- Onayena Location in Namibia
- Coordinates: 17°56.59′S 16°11.30′E﻿ / ﻿17.94317°S 16.18833°E
- Country: Namibia
- Region: Oshikoto Region
- Constituency: Onayena Constituency

Government
- • Type: Local Town Council
- • Regional Councillor: Natangwe Iyambo Indongo
- Elevation: 3,540 ft (1,079 m)

Population (2011)
- • Total: 15 000
- Time zone: UTC+2 (South African Standard Time)
- Climate: BSh

= Onayena =

Onayena is the district capital of Onayena Constituency in the north of Oshikoto Region in northern Namibia, situated approximately 80 km north of Etosha National Park.

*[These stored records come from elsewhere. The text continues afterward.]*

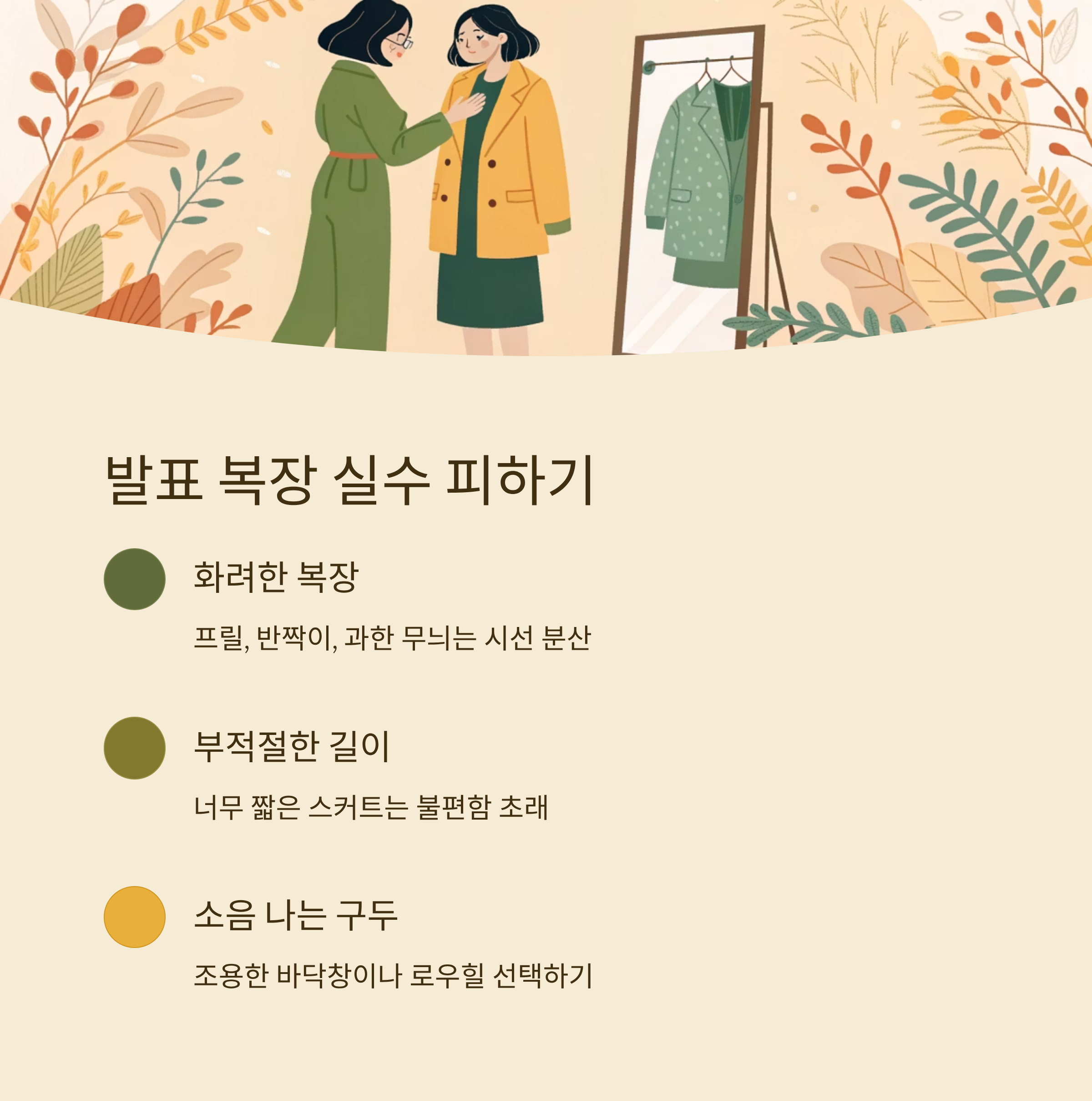 ※ 본 글은 일반적인 발표 복장 정보를 제공하며, 개인의 발표 주제, 장소, 분위기에 따라 적절히 변형하여 적용하는 것이 좋습니다.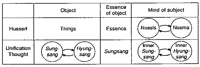 Fig. 11-8: Dialectic or Give-and-Receive Action corresponds to the Sungsang of existing beings. In addition, Husserl claimed that when judgment is suspended and consciousness (pure consciousness) is analyzed, there is a structure of noesis and noema. This, when seen from the perspective of Unification Thought, corresponds to the internal structure of Sungsang (mind), which consists of inner-Sungsang and inner-Hyungsang. A comparison between Husserl's phenomenological method and the viewpoint of Unification Thought would be as in Fig. 11-9.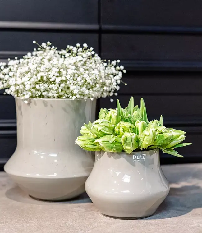 Elke Dutz vaas is uniek! Elke glazen vaas is mond geblazen door glasblazers uit Europese glasfabrieken. Elk product kan dus qua kleur en vorm licht afwijken van de afbeeldingen. Kleine afwijkingen zoals belletjes en krasjes zijn geen defecten maar zijn een gevolg van het ambachtelijke proces van traditioneel glasblazen. Ze verrijken het product en geven het een unieke uitstraling.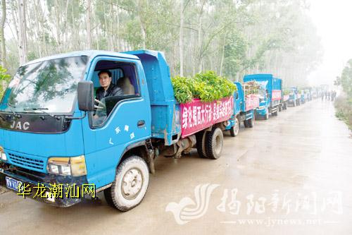 近日,揭西县启动新一轮绿化大行动,向17个乡镇示范村赠送36万株树苗,进一步推动乡村绿化,提升生态文明建设水平。图为该县组织车队送树苗下乡。特约记者 李维照 摄

==Economy and infrastructure==
The main economic activities in the constituency are agriculture and cattle rearing. Omahangu is the principal crop in Onayena, while cattle, goats and donkeys are the farming animals in the area. The constituency has important cultural and historical links. Onayena has a settlement prominent for investment opportunities and has a lot of large virgin land, available housing, and business investment.

Nehale Senior Secondary School is located in Onayena.

==People from Onayena Constituency==
Onayena is the hometown of many prominent people in Namibia, such as the multi-award-winning kwaito musician and producer The Dogg, and home to the first Vice-President of Namibia, Nickey Iyambo.